Images are not wanted; transcribe the rest of the listing exactly.

◆ Task material

__________________________________________________

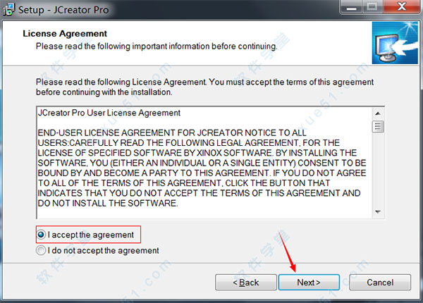 2、选择“I accept the agreement”同意许可证协议,协议内容自行决定是否浏览,点击“Next”继续安装;
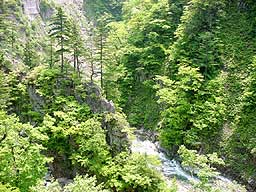 中宮展示館から姥ヶ滝駐車場までコースの距離は5キロほどで、しりたか滝、赤石の滝、岩底の滝、かもしかの滝、姥ヶ滝という五つの滝と蛇谷大橋(一番上の写真)があり、道は緩やかな登りになっていて、車でサーっと通ってしまってはもったいない、ゆっくり歩いて景色を楽しむのにもっとも適した区間です。
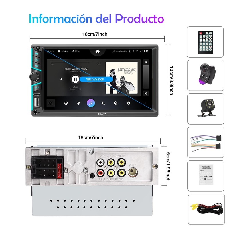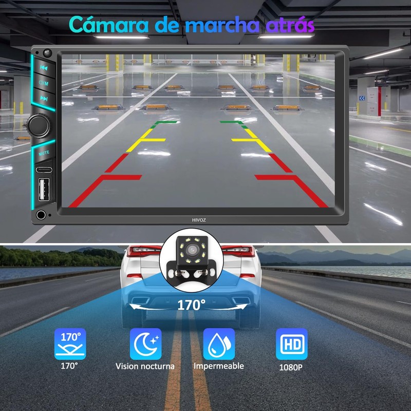 - 【Cámara de Marcha Atrás HD】: Autoestereo esta equipada con una camara de vision trasera gratuita que admite vision nocturna de alta definicion, una perspectiva super ancha de 170° y un diseno impermeable completamente.Cuando de automovil entra en la marcha atras, cambia automaticamente a la imagen de marcha atras y se puede ajustar el angulo de la camara a voluntad para garantizar una marcha atras segura.
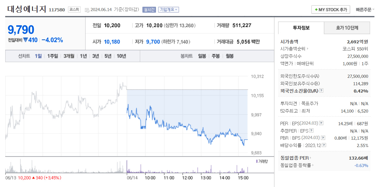6) 대성에너지 : 도시가스 관련주
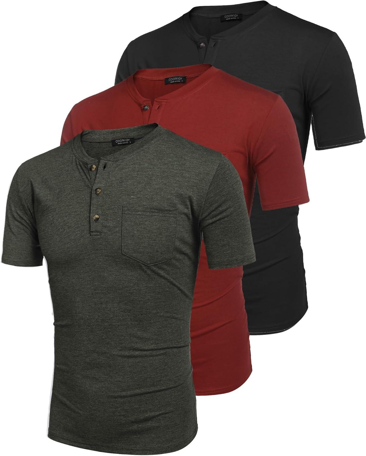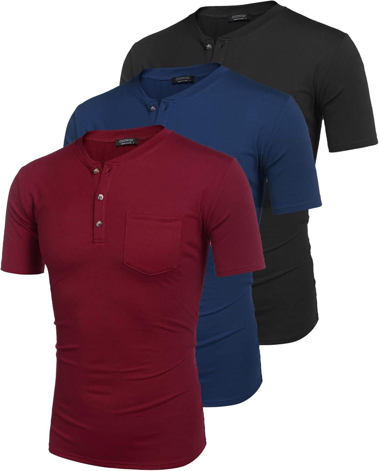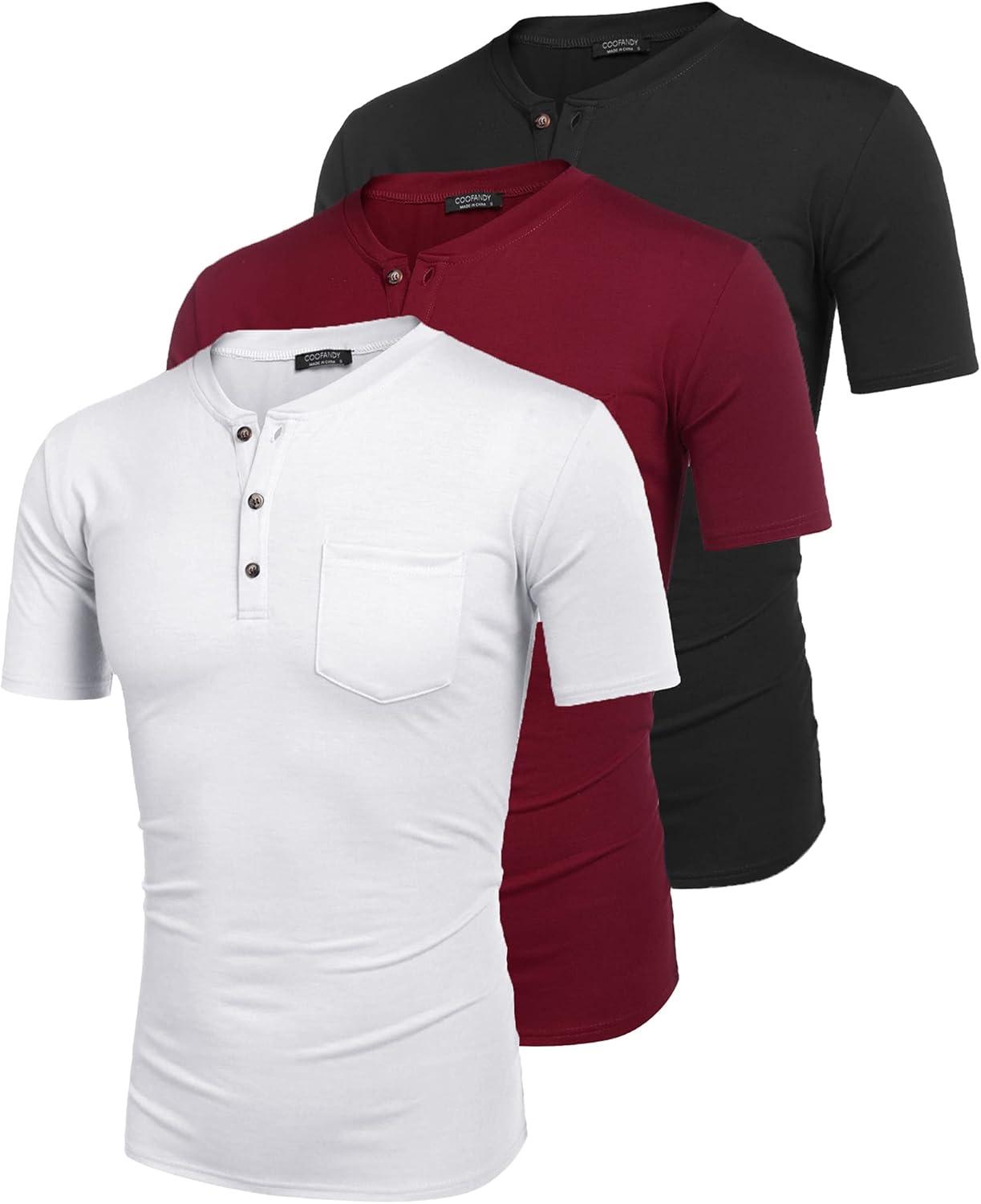 COOFANDY Men’s 3 Pack Henley Shirts Short Sleeve Casual Basic Tees Classic Henley Summer Solid T Shirts with Pocket(Black/White/Wine Red)

__________________________________________________

◆ Written response
 2、选择“I accept the agreement”同意许可证协议,协议内容自行决定是否浏览,点击“Next”继续安装;
 中宮展示館から姥ヶ滝駐車場までコースの距離は5キロほどで、しりたか滝、赤石の滝、岩底の滝、かもしかの滝、姥ヶ滝という五つの滝と蛇谷大橋(一番上の写真)があり、道は緩やかな登りになっていて、車でサーっと通ってしまってはもったいない、ゆっくり歩いて景色を楽しむのにもっとも適した区間です。
 - 【Cámara de Marcha Atrás HD】: Autoestereo esta equipada con una camara de vision trasera gratuita que admite vision nocturna de alta definicion, una perspectiva super ancha de 170° y un diseno impermeable completamente.Cuando de automovil entra en la marcha atras, cambia automaticamente a la imagen de marcha atras y se puede ajustar el angulo de la camara a voluntad para garantizar una marcha atras segura.
6) 대성에너지 : 도시가스 관련주
 COOFANDY Men’s 3 Pack Henley Shirts Short Sleeve Casual Basic Tees Classic Henley Summer Solid T Shirts with Pocket(Black/White/Wine Red)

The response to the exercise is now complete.